> [Work required]
The lines to print run from the top of the material below to the line with "本来很期待女线的,但是玩了一", inclusive; please copy them exactly, without pictures.

> [Collected data]
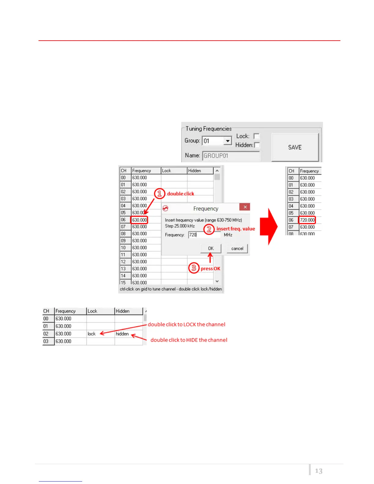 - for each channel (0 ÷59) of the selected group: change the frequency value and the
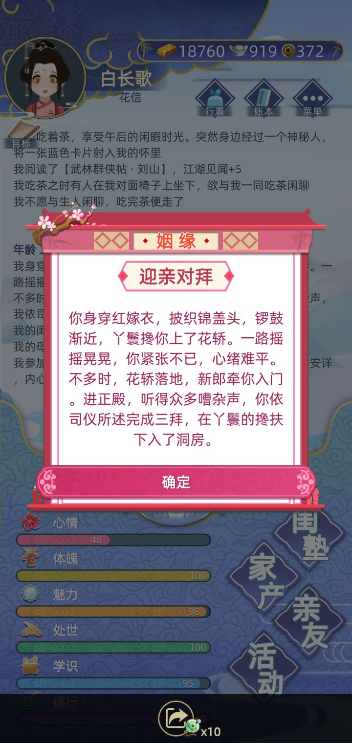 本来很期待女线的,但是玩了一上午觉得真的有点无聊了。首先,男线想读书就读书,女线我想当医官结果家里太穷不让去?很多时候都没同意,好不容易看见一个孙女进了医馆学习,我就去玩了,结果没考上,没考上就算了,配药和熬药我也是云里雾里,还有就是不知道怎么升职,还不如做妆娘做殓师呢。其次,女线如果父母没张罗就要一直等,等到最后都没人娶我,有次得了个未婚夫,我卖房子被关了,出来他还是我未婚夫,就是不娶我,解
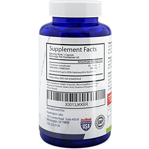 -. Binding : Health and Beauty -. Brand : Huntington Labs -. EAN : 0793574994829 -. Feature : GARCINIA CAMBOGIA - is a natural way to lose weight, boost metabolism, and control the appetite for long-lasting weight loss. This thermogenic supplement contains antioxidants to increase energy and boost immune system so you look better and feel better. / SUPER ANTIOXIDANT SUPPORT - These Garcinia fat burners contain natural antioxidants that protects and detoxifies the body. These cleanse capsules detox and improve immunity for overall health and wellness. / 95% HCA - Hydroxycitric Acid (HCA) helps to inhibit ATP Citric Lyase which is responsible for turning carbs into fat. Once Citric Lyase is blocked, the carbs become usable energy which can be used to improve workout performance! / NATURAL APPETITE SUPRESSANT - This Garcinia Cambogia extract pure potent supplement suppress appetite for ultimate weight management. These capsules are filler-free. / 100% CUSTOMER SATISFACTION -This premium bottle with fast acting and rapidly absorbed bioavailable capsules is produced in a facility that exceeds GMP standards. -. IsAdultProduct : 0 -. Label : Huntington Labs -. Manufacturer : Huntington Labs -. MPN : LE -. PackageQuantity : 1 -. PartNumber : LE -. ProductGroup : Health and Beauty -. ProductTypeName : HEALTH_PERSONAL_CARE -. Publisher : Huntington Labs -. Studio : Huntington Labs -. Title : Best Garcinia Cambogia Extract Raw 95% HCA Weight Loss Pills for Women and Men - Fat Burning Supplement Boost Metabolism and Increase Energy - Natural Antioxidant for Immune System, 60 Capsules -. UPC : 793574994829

> [Answer to this task]
 - for each channel (0 ÷59) of the selected group: change the frequency value and the
 本来很期待女线的,但是玩了一上午觉得真的有点无聊了。首先,男线想读书就读书,女线我想当医官结果家里太穷不让去?很多时候都没同意,好不容易看见一个孙女进了医馆学习,我就去玩了,结果没考上,没考上就算了,配药和熬药我也是云里雾里,还有就是不知道怎么升职,还不如做妆娘做殓师呢。其次,女线如果父母没张罗就要一直等,等到最后都没人娶我,有次得了个未婚夫,我卖房子被关了,出来他还是我未婚夫,就是不娶我,解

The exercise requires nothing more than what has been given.